Figure 6.. Replication of previous studies using brainlife.io.

a. Average cortical hcp-mmp parcel thickness (N_struc = 322) compared to parcel orientation dispersion index (ODI) from the NODDI model mapped to the cortical surface (inset) of the HCP S1200 dataset (N_sub = 1,043) and Cam-CAN (N_sub = 492) dataset compared to the parcel-average cortical thickness. b. Stressful life events obtained from Negative Life Events Schedule (NLES) survey from Healthy Brain Network participants (N_sub = 42) compared to Uncinate-average normalized Quantitative Anisotropy (QA). Mean linear regression (blue line) fits and standard deviation (shaded blue). c. Early life stress was obtained from multiple surveys collected from ABCD participants (N_sub = 1,107) compared to Uncinate-average Fractional Anisotropy (FA). Linear regression (green line) fits the data with standard deviation (shaded green).

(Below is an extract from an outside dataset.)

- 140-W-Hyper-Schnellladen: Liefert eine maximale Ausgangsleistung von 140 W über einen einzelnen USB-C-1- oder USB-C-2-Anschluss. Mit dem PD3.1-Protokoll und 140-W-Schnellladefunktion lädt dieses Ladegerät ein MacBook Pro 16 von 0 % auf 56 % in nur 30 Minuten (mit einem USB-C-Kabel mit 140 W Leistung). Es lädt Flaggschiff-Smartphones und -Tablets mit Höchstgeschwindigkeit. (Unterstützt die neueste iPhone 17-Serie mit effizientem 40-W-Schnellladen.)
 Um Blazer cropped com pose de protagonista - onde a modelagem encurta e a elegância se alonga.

Figure 7.. Using brainlife.io to identify and characterize clinical populations from healthy controls.

a. Fractional anisotropy (FA) values were estimated within the superior temporal sulcus (da: dorsal anterior) from 20 healthy athlete controls (gray distribution) and 10 concussed athletes. Average FA, 10% low FA, and the lowest FA value across all concussed athletes were measured (red arrows and dot). b. Retinal OCT images from healthy controls (top row), Stargardt’s disease patients (middle row), and Choroideremia patients (bottom row). From these images, photoreceptor complex thickness was measured for each group (Controls: gray; Choroideremia: green; Stargardt’s: blue) in two distinct areas of the retina: the fovea (eccentricities 0–1 degrees) and the periphery (eccentricities 7–8 degrees). In addition, optic radiations carrying information for each area of the retina were segmented and FA profiles were mapped. Average profiles with standard error (shaded regions) were computed. One Stargardt and one Choroideremia participant were each identified as having FA profiles that deviated from both healthy controls and the opposing retinal disorder.

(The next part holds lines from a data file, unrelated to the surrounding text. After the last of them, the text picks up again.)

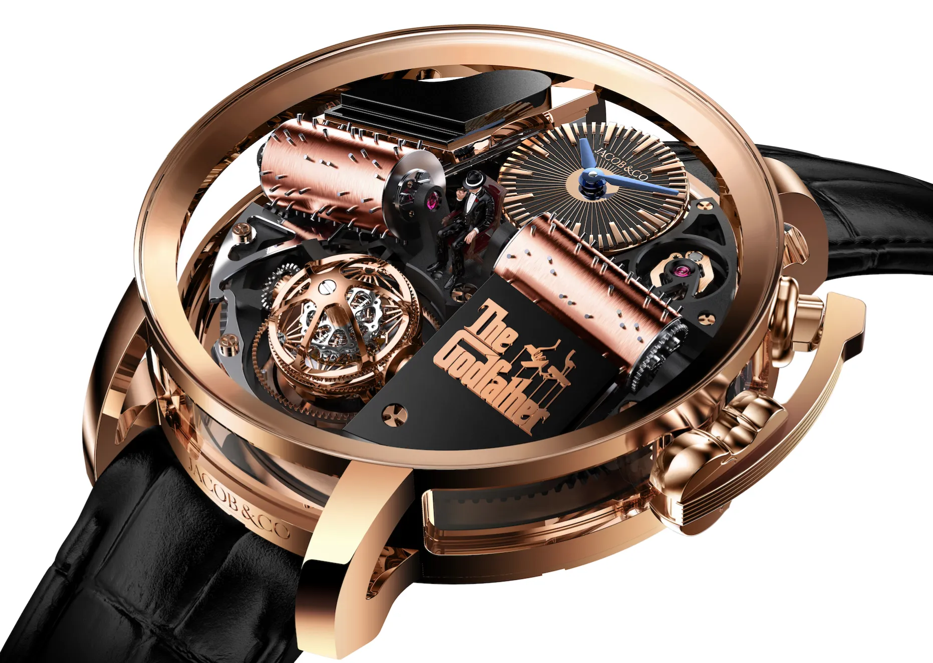 El reloj musical Opera God Father combina dos artesanías tradicionales suizas: una caja de música mecánica con dos cilindros y peines y un exclusivo calibre de cuerda manual, así lo definió Jacob & Co.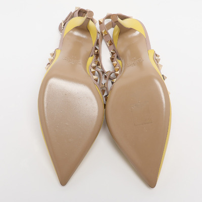 These authentic Valentino pumps pair glossy yellow patent with Rockstud beige leather straps. The pointed toe and ankle closure ground the bold palette with a structured finish.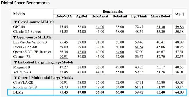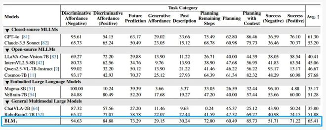 BLM-1.0 在六大数字空间评测中,包含具身任务推理、导航规划、功能性推理、空间关系理解、属性识别、目标定位、可供性推断任务中平均得分64.88,超越包括GPT-4o 在内的主流模型。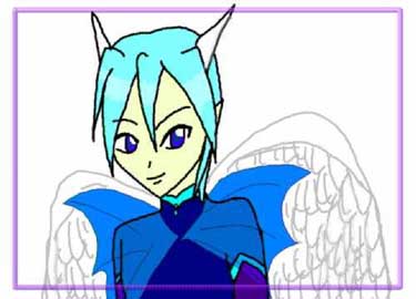 | 今回のイラストは、サーゴがマシュラのカードを取り込んだら、どんな姿になるのか な?と思い、描いてみました。 属性はそのまま水ですが、鳥族並の飛行能力があります。 翼は、赤っぽくしようと思ったのですが、上手くいかなかったので白にしました。 本当は、マシュラのメットをイメージして、仮面でもつけようと思ったのですが、妖 しくなったので止めました(笑) |

Figure 8.. Reference datasets for quality assurance.

Example workflow for building normative reference ranges for multiple derived statistical products (cortical parcel volume, white matter tract profilometry, within-network functional connectivity, and power-spectrum density (PSD)). a. Cortical volumes of the left hippocampus from HCP participants. Red dots indicate outlier data points. b. Average fractional anisotropy (FA) profiles (blue line) plotted with two standard deviations (shaded regions). Red lines indicate outlier profiles. c. Within-network functional connectivity for the nodes within the Default-A network using the Yeo17 atlas. Red dots indicate outlier data points. d. Average PSD from occipital channels using magnetometer sensors from Cam-CAN participants with one standard deviation (shaded regions). Red lines indicate outlier participants. Peak alpha frequency distribution was also computed, and outliers were detected (inset). e. Normative reference distributions for each derived statistical product across the PING (purple), HCP (blue), and Cam-CAN (orange) datasets. These distributions have had outliers removed. An example of the brainlife visualization for reference datasets can be found in Fig. S8.